This section describes the process used to identify relevant tweets and the techniques used to train and tune the classifiers. We then provide details on the collection of the Twitter timeline and followee data used in later analyses. Figure 1 summarizes the various datasets and methods.

Figure 1. Data processing and experimental overview. Dotted boxes show datasets and corresponding sizes where applicable. Solid boxes show methods used and reference relevant text figures or tables. Black arrows show the flow of data through the pipeline. The gray arrows denote that the final classifiers were used to identify first person, travel consideration, and travel change tweets from the keyword filtered tweets.
View this figure

Identifying Relevant Tweets

Our data come from a set of 15 million Zika-related tweets from March 1, 2015, to October 31, 2016, with about 7 million in English, described in Daughton et al [42]. This collection includes all tweets mentioning Zika and related terms during this time period.

Qualitatively, we observed that the bulk of these Zika tweets were sharing news or other information, usually with links to external articles. However, we also observed a number of English-language tweets describing personal or shared experiences with Zika, including behavior changes in response to concerns about Zika (eg, changing travel plans or buying a mosquito repellent).
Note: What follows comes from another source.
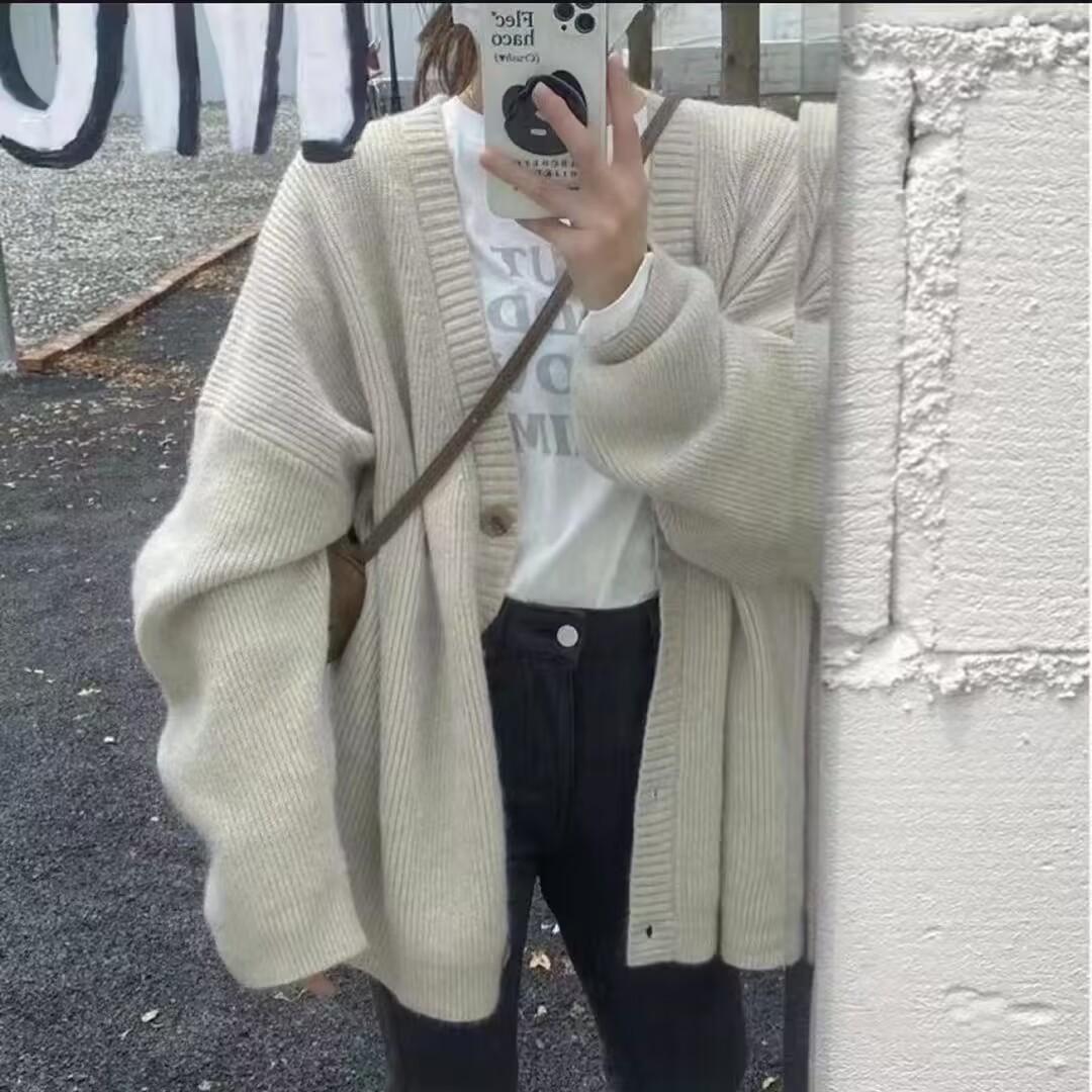 Misc – Sweter rozpinany damski 2023 wiosenny sweter dziergany damski solidny miękki kleisty luźna odzież wierzchnia z leniwym swetrem z dekoltem w serek One Size czarny

This section describes our approach to identifying such personal mentions of travel-related behavior through a pipeline of keyword filtering and supervised machine learning.

Keyword Filtering

As personal mentions of travel behavior are a very small proportion of the dataset, we first filtered the dataset to provide a subset with a higher fraction of relevant tweets. This is a standard approach in many social media applications to obtain a large enough fraction of relevant instances to build a reasonably balanced training set [43-47]. In our study, tweets were filtered for those that contained (1) at least one of a set of first-person pronouns to target personal behaviors and (2) at least one of a large set of travel-related terms (see Multimedia Appendix 1).

To be as comprehensive as possible when constructing the list of travel-related terms, we included all major airlines in the United States and all airlines with flights to South America [48,49]. Twitter handles of the airline, cruise, and travel agency companies, including official Twitter handles as well as handles used for negative feedback, were included. These were manually curated by searching for the company on Twitter and identifying associated handles.
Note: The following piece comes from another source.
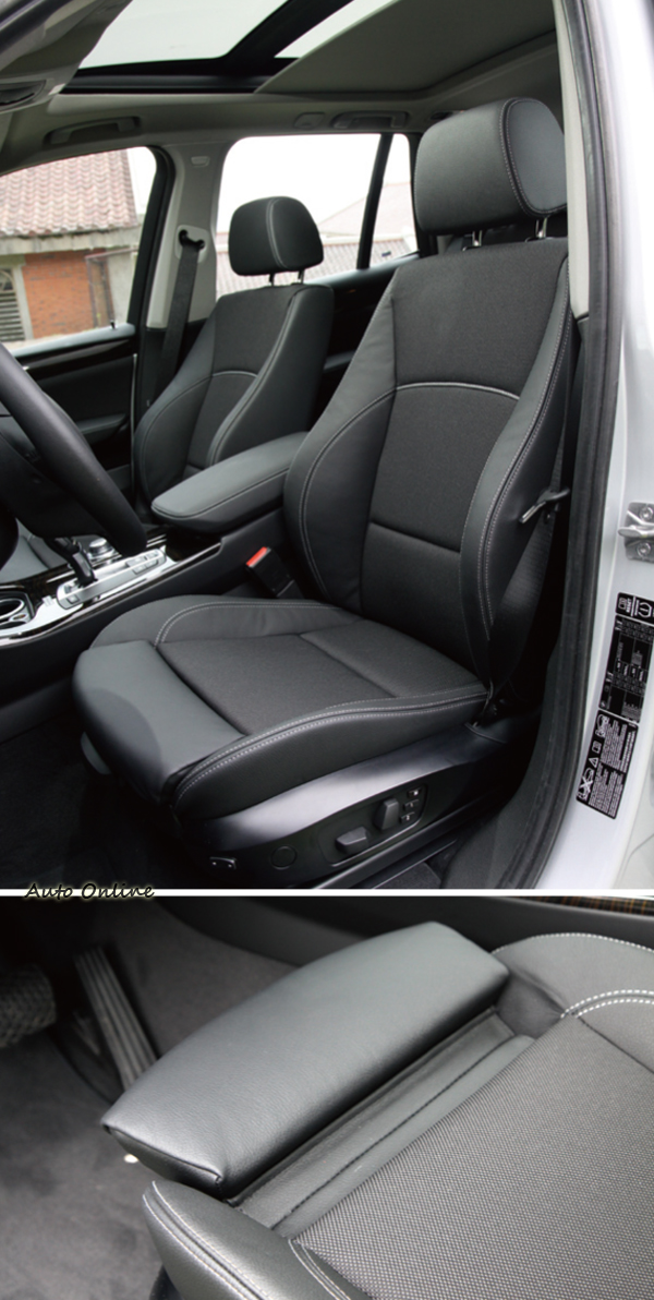 BMW在內裝用料一點都不馬虎,大量運用軟質塑膠,並搭配押花高質感飾板,造就X3車室時尚優雅的座艙氛圍。中控台操作介面簡單乾淨,並沒有過多複雜的操作按鍵,最基本的冷氣、音響控制按鍵設置在中控台面板上。其它較為詳細的車輛控制統一歸納在iDrive選單裡,駕駛透過中央扶手前方的旋鈕搭配中控台上方的全彩螢幕,輕鬆找到想要調整會進入的選單內。比較可惜的是X3 xDrive20d為X3入門車型,並未配置原廠中文化衛星導航,消費者如果想要愛車能有原廠功能強大的衛星導航,可以加價選購。

After filtering and excluding retweets, 29,386 English-language tweets matched these criteria.


After keyword filtering, we still observed a variety of tweet topics in the data. This included mentions of changes in travel, opinions about the Olympics (which were hosted in Brazil during the outbreak), opinions about quarantining travelers, and general worry about Zika. The filters also captured tweets that were neither first person nor about travel, such as the headline, Spraying Mosquitoes by Plane Ain’t Perfect, But It’s the Best We’ve Got for Zika - WIRED.
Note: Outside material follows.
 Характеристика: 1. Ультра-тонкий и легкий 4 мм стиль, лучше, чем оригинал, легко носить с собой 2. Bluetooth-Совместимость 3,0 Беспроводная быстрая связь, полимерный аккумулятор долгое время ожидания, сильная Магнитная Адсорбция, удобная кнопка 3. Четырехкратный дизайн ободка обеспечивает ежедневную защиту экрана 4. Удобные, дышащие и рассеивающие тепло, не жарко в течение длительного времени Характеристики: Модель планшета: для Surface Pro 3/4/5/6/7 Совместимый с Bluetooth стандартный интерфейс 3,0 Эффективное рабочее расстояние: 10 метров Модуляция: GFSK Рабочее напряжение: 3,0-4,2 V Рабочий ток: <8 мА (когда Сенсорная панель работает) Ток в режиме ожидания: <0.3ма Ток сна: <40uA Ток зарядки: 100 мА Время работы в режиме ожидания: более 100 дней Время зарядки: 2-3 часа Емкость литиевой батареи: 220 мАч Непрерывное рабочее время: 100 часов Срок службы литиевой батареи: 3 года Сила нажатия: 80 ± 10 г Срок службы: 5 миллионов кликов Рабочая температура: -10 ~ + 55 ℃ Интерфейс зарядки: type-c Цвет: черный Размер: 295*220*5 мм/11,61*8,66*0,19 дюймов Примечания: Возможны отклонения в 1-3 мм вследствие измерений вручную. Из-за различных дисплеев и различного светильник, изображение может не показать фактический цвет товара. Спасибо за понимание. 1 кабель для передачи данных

To further filter the dataset to tweets of relevance to this study—tweets in which people express that they are personally changing or thinking about changing their travel behavior—we constructed 3 binary classifiers:

  1. First person: Tweets where someone makes their own comment related to Zika in contrast to sharing external content. This can include jokes, opinions, observations, and questions. This category does not include headlines, promotion or solicitation for articles or events, or generic requests for congresspersons to fund Zika.
  2. Travel consideration: First-person tweets that are about the tweeter’s travel plans. This can include tweets that explicitly express the desire to change or not change travel, as well as tweets that are concerned but undecided about travel change.
  3. Travel change: Travel consideration tweets that explicitly indicate that the tweeter has changed travel plans or is actively trying to change their travel plans. We also attempted to categorize tweets that explicitly said the user would not change travel, but we were unable to build a reliable classifier (F1=.35) and, therefore, excluded it from this study. Messages such as I want a refund for my trip would be labeled as travel change whereas messages such as I’m interested in your refund policy would not.

Each category only applies to tweets positively labeled with the previous category—travel consideration tweets must also be first-person tweets, and travel change tweets must also be travel consideration tweets.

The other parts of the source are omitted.